/Chinese_Skewed_TxtClf

Text classification datasets and their classifiers described in a comparative article.

Primary LanguageJupyter NotebookMIT LicenseMIT

Chinese_Skewed_TxtClf

Chinese text classification datasets and their machine-learning based classifiers described in the paper:

Yuen-Hsien Tseng, "The Feasibility of Automated Topic Analysis: An Empirical Evaluation of Deep Learning Techniques Applied to Skew-Distributed Chinese Text Classification," Journal of Educational Media & Library Sciences, Vol. 57, No. 1 (March 2020).

Datasets are (details of the datasets can be found in the article listed below):

  1. WebDes
  2. News
  3. CTC
  4. CnonC

Classifiers:

  1. Naive Bayes (NB)
  2. Support Vector Machine (SVM)
  3. Random Forest (RF)
  4. Single hidden-layer neural network (NN)
  5. Convolutional Neural Networks (CNN)
  6. Recurrent Convolutional Neural Networks (RCNN)
  7. Facebook's fastText
  8. Bidirectional Encoder Representations from Transformers (BERT)

1. Description of Files:

  1. Datasets: datasets mentioned above.
  2. BERT_txtclf: a folder for running BERT classifier.
  3. BERT_txtclf_HowTo.docx: a document describing how to run the BERT classifier for the datasets.
  4. TxtClfer.ipynb: Self-explained Jupyter Notebook for NB, SVM, NN, CNN, RCNN. You can save it into TxtClfer.py for running in command mode.
  5. fastText_run_log.txt: a document and log file to describe how to run fastText classifier for the datasets.
  6. ft_metrics.sh: batch execution file to run fastText.
  7. ft_metrics.py: code required by the above batch execution file.

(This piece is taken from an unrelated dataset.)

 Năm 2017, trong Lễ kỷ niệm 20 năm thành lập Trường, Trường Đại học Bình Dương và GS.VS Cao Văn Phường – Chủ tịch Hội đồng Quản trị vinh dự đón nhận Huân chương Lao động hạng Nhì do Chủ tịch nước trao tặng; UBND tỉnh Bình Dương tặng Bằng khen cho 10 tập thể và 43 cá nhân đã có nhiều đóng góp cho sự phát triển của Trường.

Note: To be able to run the BERT classifier under BERT_txtclf, you must download those imported files (or simply download all files) from https://github.com/google-research/bert to folder BERT_txtclf.

2. To cite this datasets, source codes, or experiment results:

Yuen-Hsien Tseng, "The Feasibility of Automated Topic Analysis: An Empirical Evaluation of Deep Learning Techniques Applied to Skew-Distributed Chinese Text Classification," Journal of Educational Media & Library Sciences, Vol. 57, No. 1 (March 2020).